EXERCISE OBJECTIVE: Please transcribe exactly the lines from the first line of the records below through the line containing "dibiaskan oleh lensa", including both, and omit all pictures.

"""

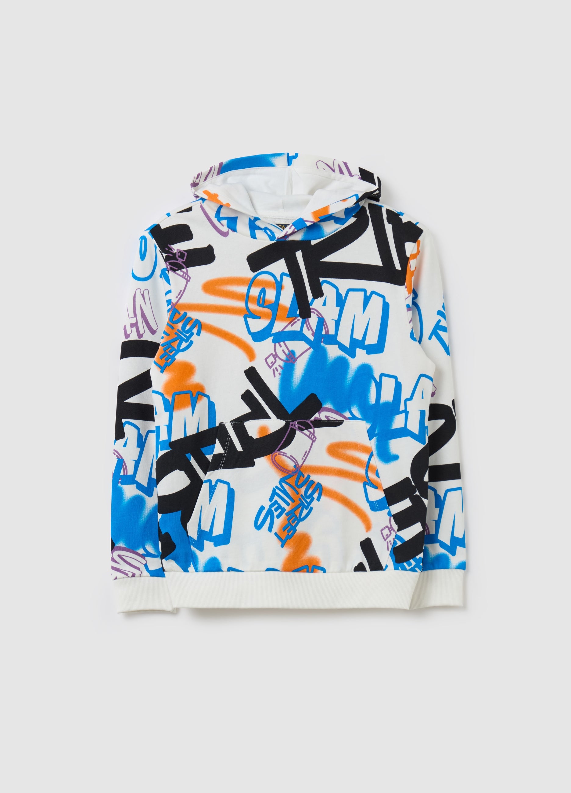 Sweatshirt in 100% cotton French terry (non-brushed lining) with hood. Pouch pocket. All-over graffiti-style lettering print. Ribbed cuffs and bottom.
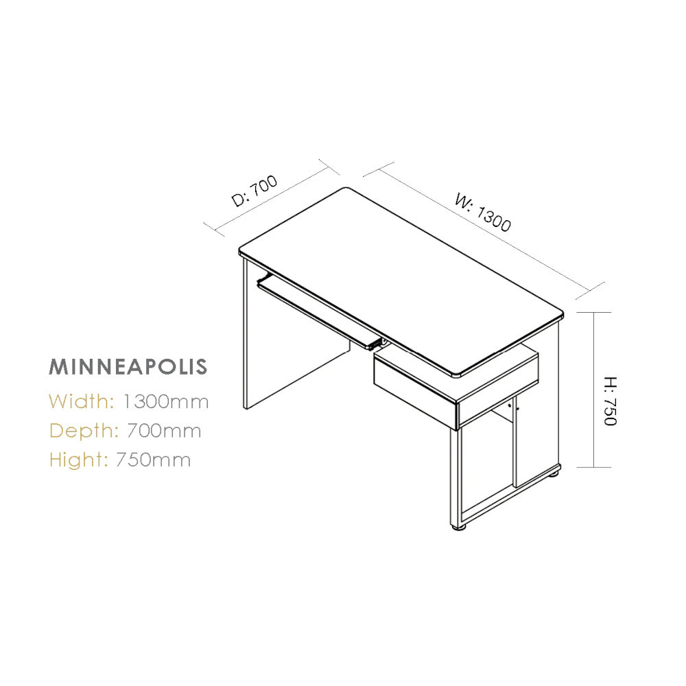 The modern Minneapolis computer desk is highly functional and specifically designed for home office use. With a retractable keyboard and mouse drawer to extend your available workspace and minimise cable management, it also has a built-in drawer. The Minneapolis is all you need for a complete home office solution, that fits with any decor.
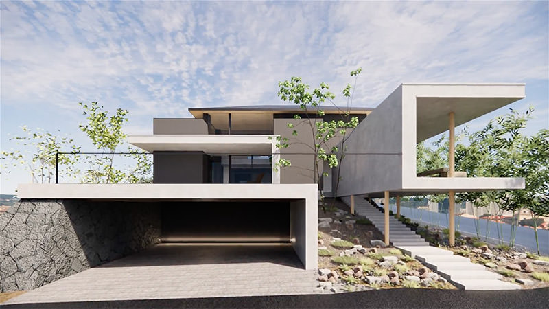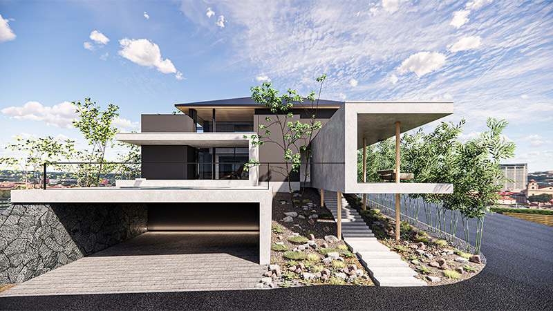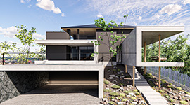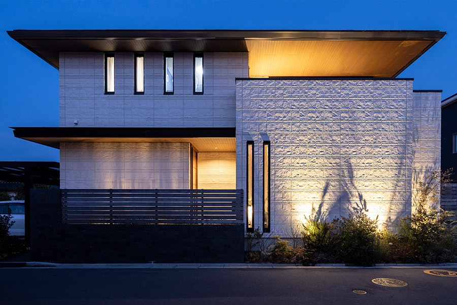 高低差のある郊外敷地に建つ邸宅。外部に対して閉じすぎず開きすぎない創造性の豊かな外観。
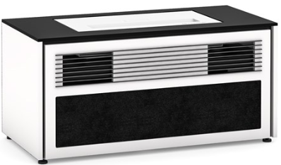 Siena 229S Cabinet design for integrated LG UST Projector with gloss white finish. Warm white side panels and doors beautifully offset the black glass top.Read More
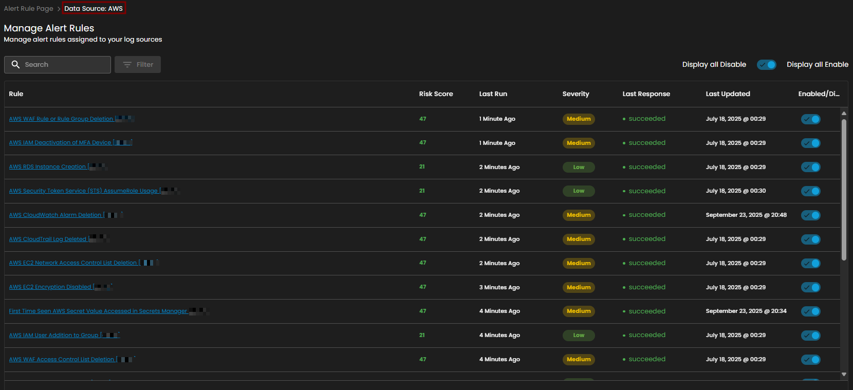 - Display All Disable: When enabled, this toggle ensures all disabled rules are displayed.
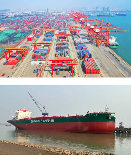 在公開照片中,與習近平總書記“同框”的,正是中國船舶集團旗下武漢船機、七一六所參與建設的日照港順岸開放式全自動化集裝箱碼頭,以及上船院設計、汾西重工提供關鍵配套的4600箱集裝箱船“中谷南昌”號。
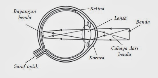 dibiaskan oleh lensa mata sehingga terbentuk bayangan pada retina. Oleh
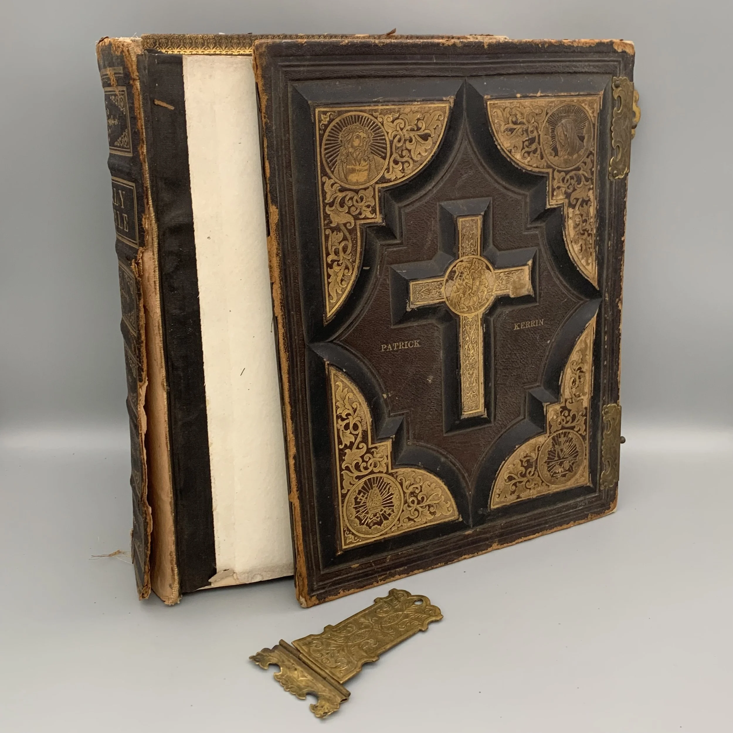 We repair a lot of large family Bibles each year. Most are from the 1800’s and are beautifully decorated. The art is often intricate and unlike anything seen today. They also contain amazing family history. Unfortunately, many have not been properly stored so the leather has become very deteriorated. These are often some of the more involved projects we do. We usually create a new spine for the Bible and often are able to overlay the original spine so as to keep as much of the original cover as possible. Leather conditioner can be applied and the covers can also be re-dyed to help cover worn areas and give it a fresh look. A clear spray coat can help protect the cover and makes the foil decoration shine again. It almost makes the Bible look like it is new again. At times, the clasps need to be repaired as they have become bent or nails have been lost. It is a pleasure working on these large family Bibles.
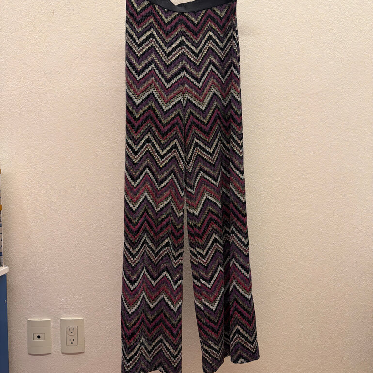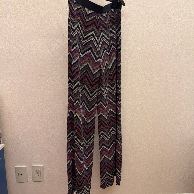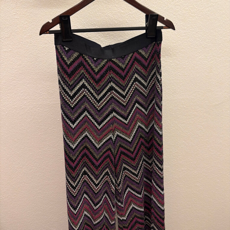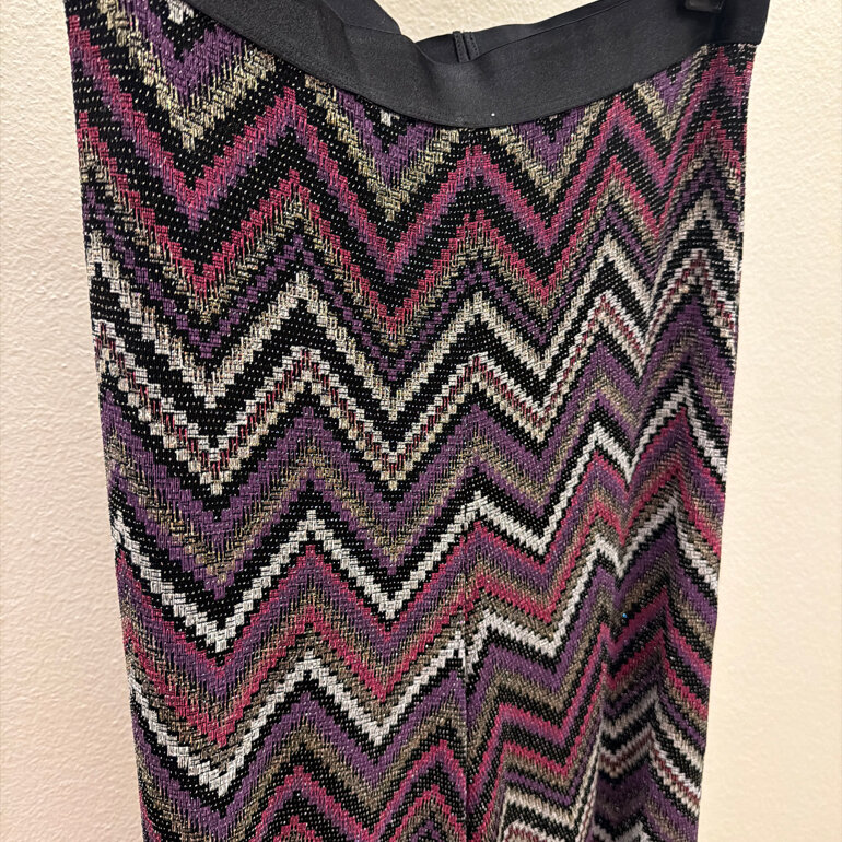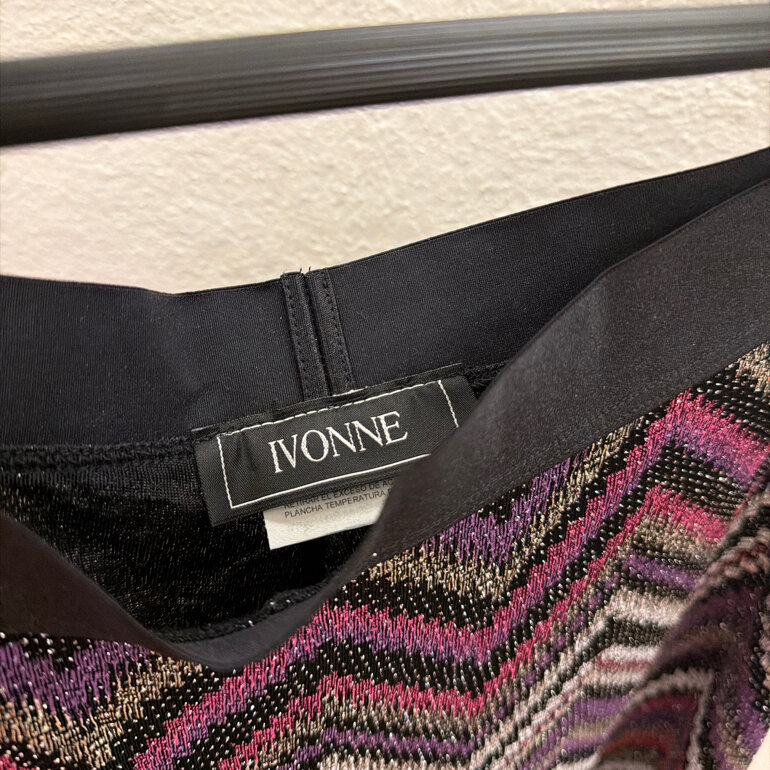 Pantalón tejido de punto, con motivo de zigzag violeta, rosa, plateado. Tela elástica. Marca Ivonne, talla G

"""

EXERCISE SOLUTION:
 Sweatshirt in 100% cotton French terry (non-brushed lining) with hood. Pouch pocket. All-over graffiti-style lettering print. Ribbed cuffs and bottom.
 The modern Minneapolis computer desk is highly functional and specifically designed for home office use. With a retractable keyboard and mouse drawer to extend your available workspace and minimise cable management, it also has a built-in drawer. The Minneapolis is all you need for a complete home office solution, that fits with any decor.
 高低差のある郊外敷地に建つ邸宅。外部に対して閉じすぎず開きすぎない創造性の豊かな外観。
 Siena 229S Cabinet design for integrated LG UST Projector with gloss white finish. Warm white side panels and doors beautifully offset the black glass top.Read More
 - Display All Disable: When enabled, this toggle ensures all disabled rules are displayed.
 在公開照片中,與習近平總書記“同框”的,正是中國船舶集團旗下武漢船機、七一六所參與建設的日照港順岸開放式全自動化集裝箱碼頭,以及上船院設計、汾西重工提供關鍵配套的4600箱集裝箱船“中谷南昌”號。
 dibiaskan oleh lensa mata sehingga terbentuk bayangan pada retina. Oleh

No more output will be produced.